___ ENTRIES PROVIDED ___

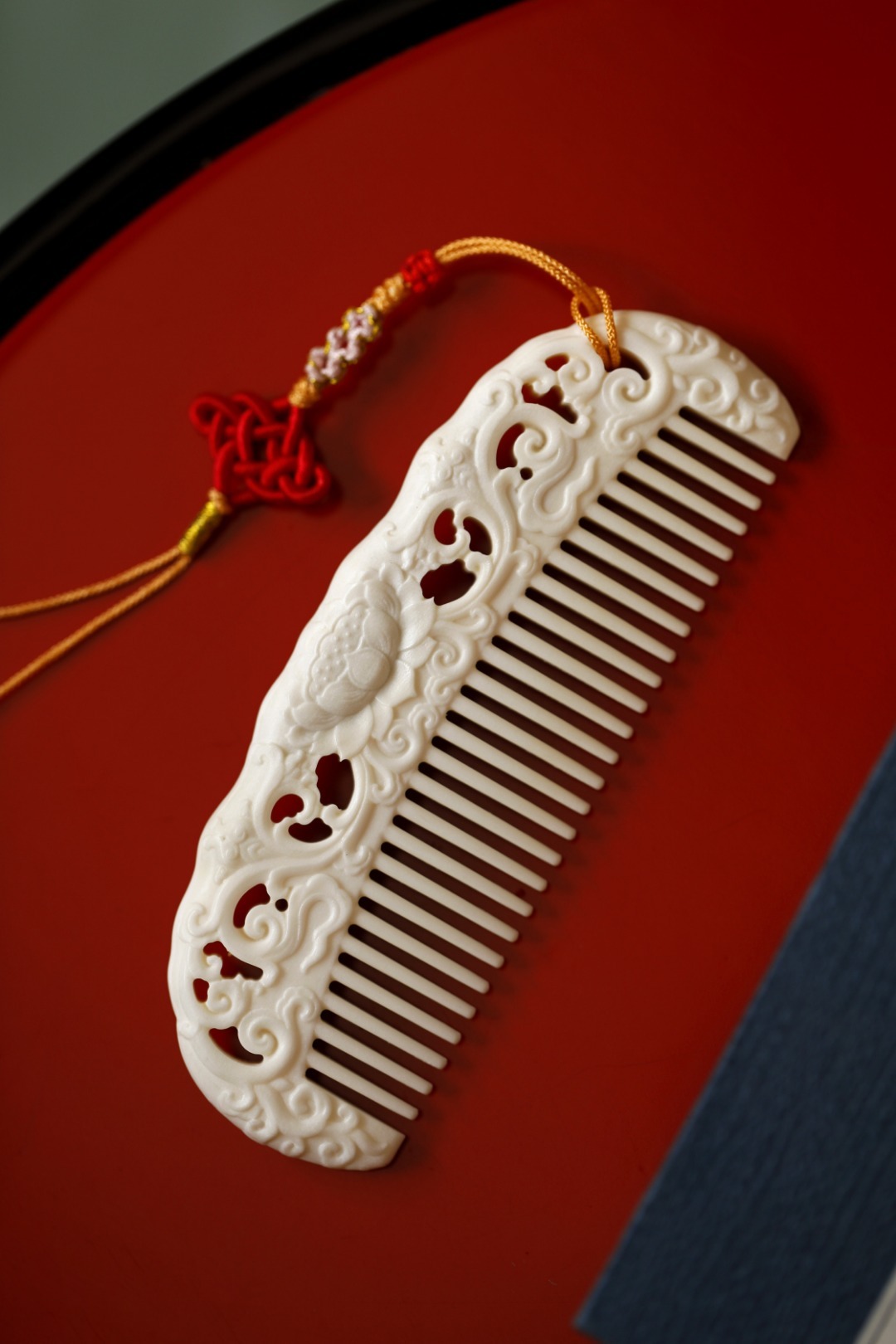 鹿角 | 青莲·梳子鹿角质感在图,手感在心,手工雕西番莲纹,灵性四溢;再配上流苏
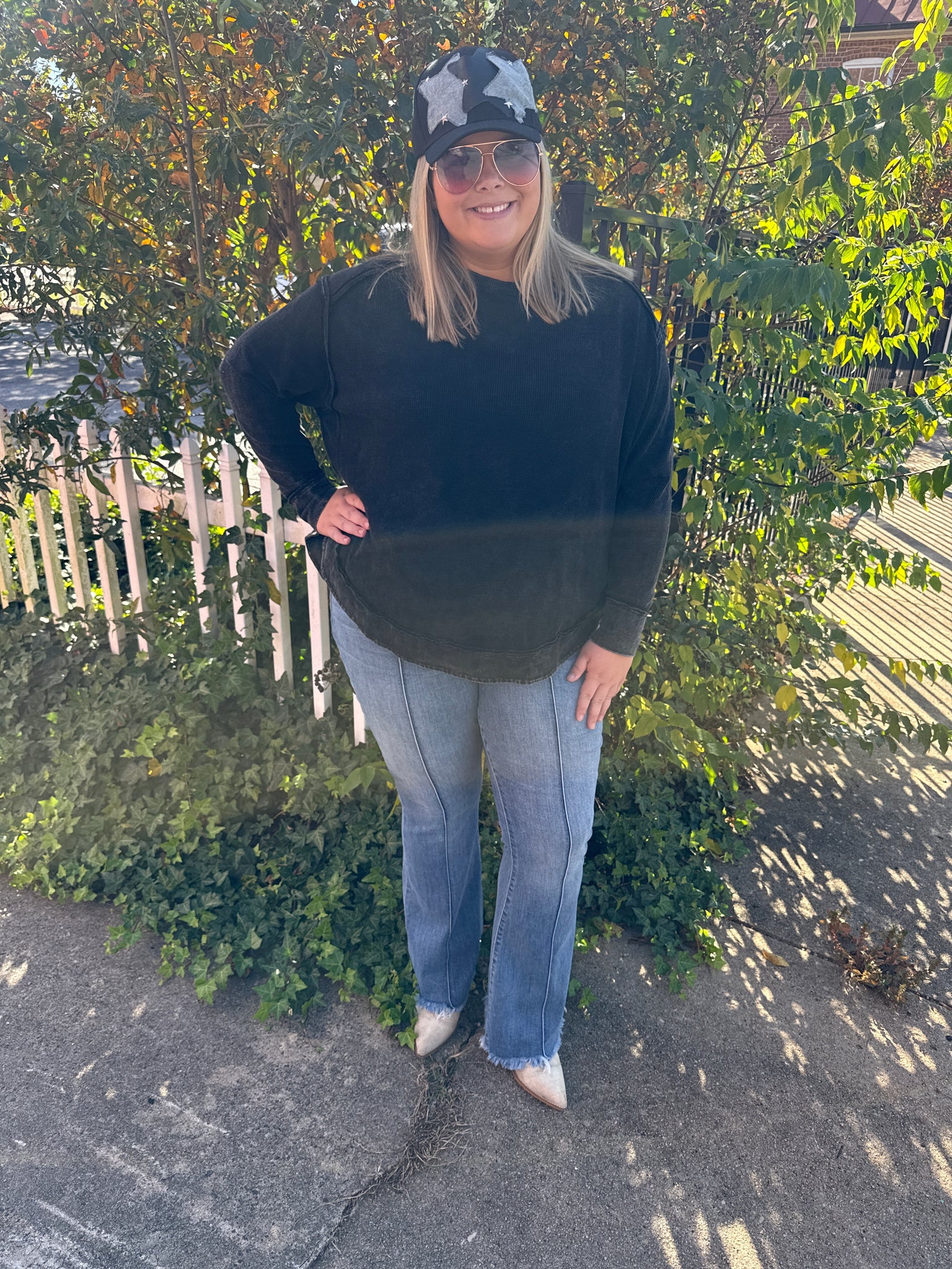 This oversized knit top combines comfort with subtle detailing for a modern look. Featuring a mineral-washed finish and elbow patch contrast, it adds texture and visual interest. The long sleeves, round neck, and raw edge details contribute to its relaxed yet refined style, while the round hem ensures a flattering silhouette. Ideal for layering or wearing solo, this piece delivers effortless versatility with an expert touch.
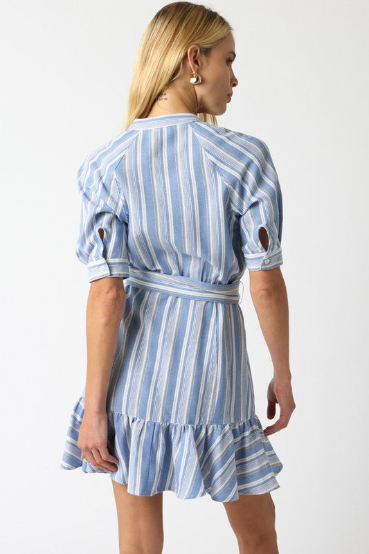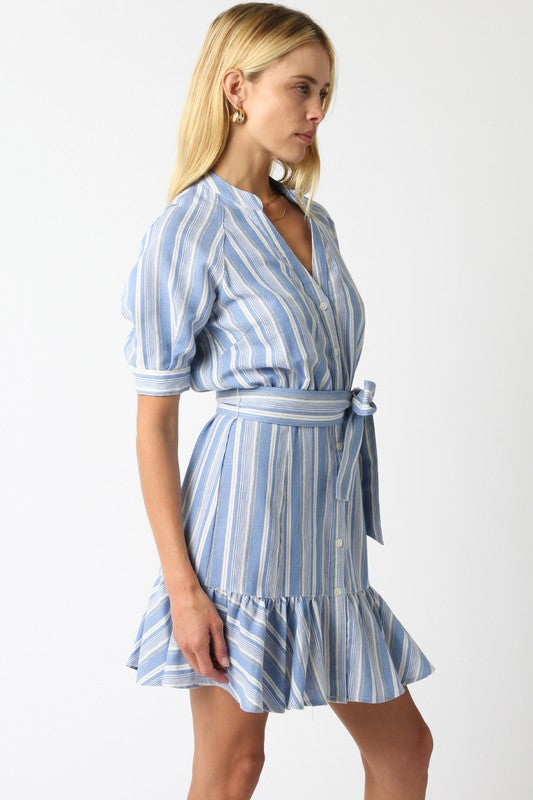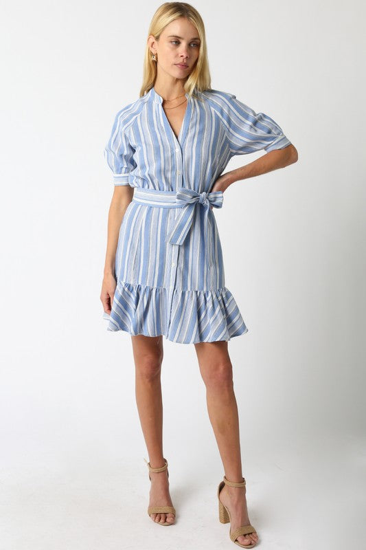 Our Cara Stripe Dress features an adjustable strap belt and a ruffled hem.
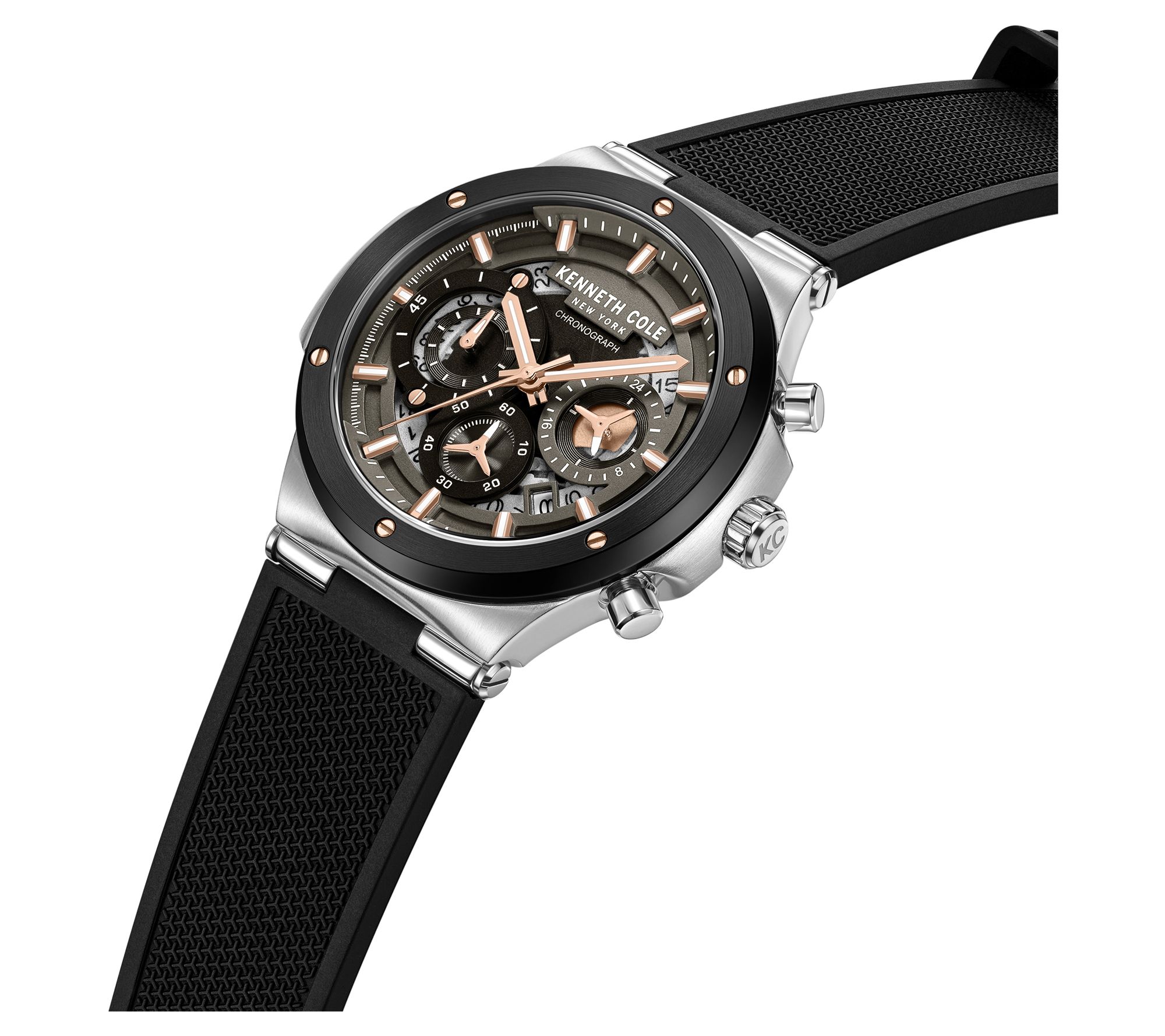 For a style that speaks volumes without saying a word, turn to this Kenneth Cole New York men's dress sport watch. The sleek black dial, stainless steel accents, and flexible black silicone strap lend an air of sophistication, perfect for both professional and casual settings. The chronograph feature and bold pushers bring a modern twist, ensuring you stay ahead of the times. From Kenneth Cole New York.
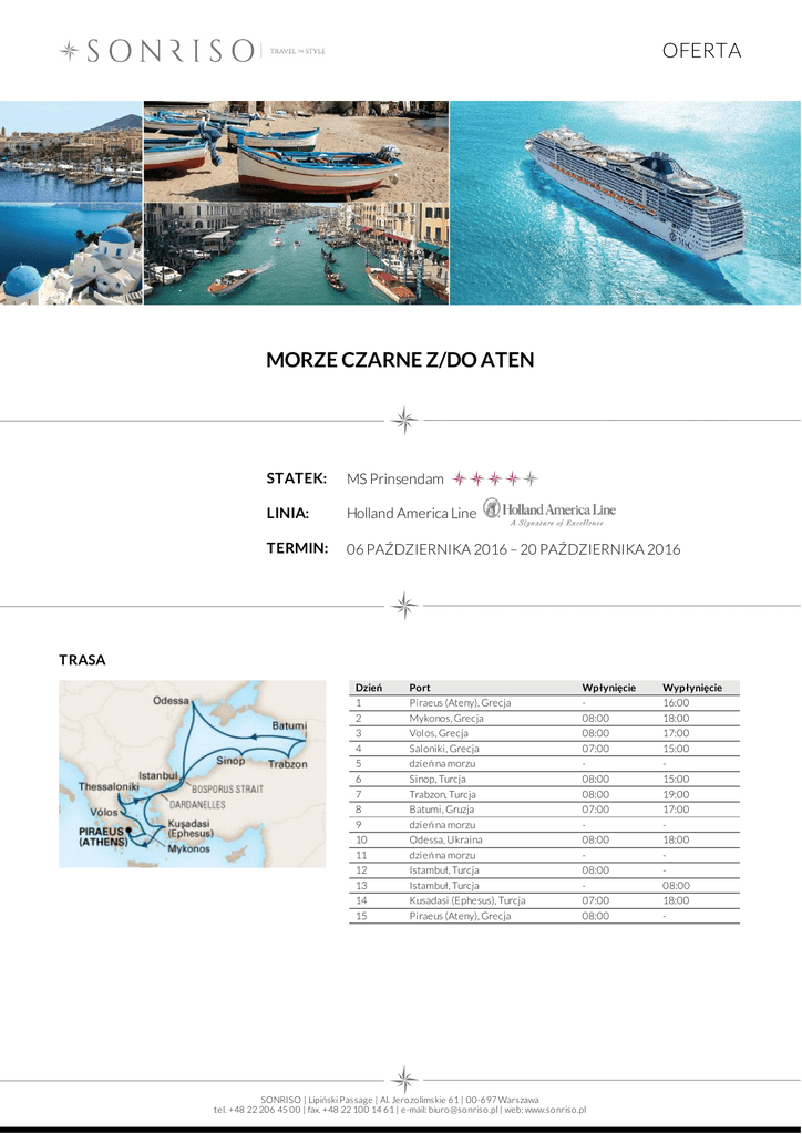 OFERTA MORZE CZARNE Z/DO ATEN STATEK: MS Prinsendam LINIA: Holland America Line TERMIN: 06 PAŹDZIERNIKA 2016 – 20 PAŹDZIERNIKA 2016 TRASA Dzień 1 2 3 4 5 6 7 8 9 10 11 12 13 14 15 Port Piraeus (Ateny), Grecja Mykonos, Grecja Volos, Grecja Saloniki, Grecja dzień na morzu Sinop, Turcja Trabzon, Turcja Batumi, Gruzja dzień na morzu Odessa, Ukraina dzień na morzu Istambuł, Turcja Istambuł, Turcja Kusadasi (Ephesus), Turcja Piraeus (Ateny), Grecja Wpłynięcie 08:00 08:00 07:00 08:00 08:00 07:00 08:00 08:00 07:00 08:00 SONRISO | Lipiński Passage | Al. Jero zo limskie 61 | 00-697 Warszawa tel. +48 22 206 45 00 | fax. +48 22 100 14 61 | e-mail: biuro @so nriso .pl | web: www.so nriso .pl Wypłynięcie 16:00 18:00 17:00 15:00 15:00 19:00 17:00 18:00 08:00 18:00 - OFERTA CENA Typ kabiny Cena z osobę Kabina wewnętrzna od 2 650 EUR Kabina z oknem od 2 850 EUR Kabina z balkonem od 3 950 EUR CENA ZAWIERA DOTATKOWE OPŁATY zakwaterowanie w 2 - os. kabinie wybranej kategorii pełne wyżywienie: 3 posiłki, przekąski między posiłakmi, bufet o północy napoje do posiłków: woda stołowa, kawa, herbata oraz sok do śniadania serwis bagażowy podczas wejścia i zejścia ze statku 24 godzinny serwis kabinowy korzystanie z urządzeń sportowo - rekreacyjnych dostępnych na pokładzie (baseny, jacuzzi, boiska sportowe, kluby dla dzieci i młodzieży itp.) udział we wszystkich imprezach organizowanych na pokładzie (przedstawienia, pokazy, aukcje, animacje i inne) obowiązkowe opłaty portowe dojazd/przelot do portu rozpoczęcia i zakończenia rejsu transfery (lotnisko - port - lotnisko) ewentulne noclegi przed lub po rejsie wycieczki fakultatywne napoje: bezalkoholowe, alkoholowe, woda mineralna dostępne w restauracjach i barach (istnieje możliwość wykupienia pakietów napojów, o szczegóły zapytaj w biurze) korzystanie z mini baru w kabinie korzystanie z usług typu: SPA, salon piękności, pralnia itp. wydatki osobiste tj. zakupy w butikach, internet, kasyno itp. obowiązkowa opłata serwisowa (napiwki dla obsługi statku ok. 12,50 USD/os. dorosła/dzień, dzieci poniżej 3 lat nie płacą) obowiązkowe ubezpieczenie turystyczne koszt wymaganych wiz Na życzenie świadczymy dodatkowo usługi: rezerwacje hotelowe na całym świecie rezerwacje biletów lotniczych, trasferów oraz parkingu w porcie rezerwacje wycieczek fakultatywnych i innych atrakcji SONRISO | Lipiński Passage | Al. Jero zo limskie 61 | 00-697 Warszawa tel. +48 22 206 45 00 | fax. +48 22 100 14 61 | e-mail: biuro @so nriso .pl | web: www.so nriso .pl
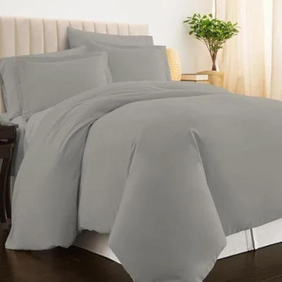 Pizuna 100% Cotton Single Duvet Cover Set Ash Grey, 400 Thread Count Long Staple 140x200cm, Soft Sateen Weave Quilt with Button Closure (Single Cover)

___

**TASK PROMPT**
Copy word for word only the lines above from the one with "Our Cara Stripe" through the one with "For a style". Leave pictures out.

**FINISHED EXERCISE**
 Our Cara Stripe Dress features an adjustable strap belt and a ruffled hem.
 For a style that speaks volumes without saying a word, turn to this Kenneth Cole New York men's dress sport watch. The sleek black dial, stainless steel accents, and flexible black silicone strap lend an air of sophistication, perfect for both professional and casual settings. The chronograph feature and bold pushers bring a modern twist, ensuring you stay ahead of the times. From Kenneth Cole New York.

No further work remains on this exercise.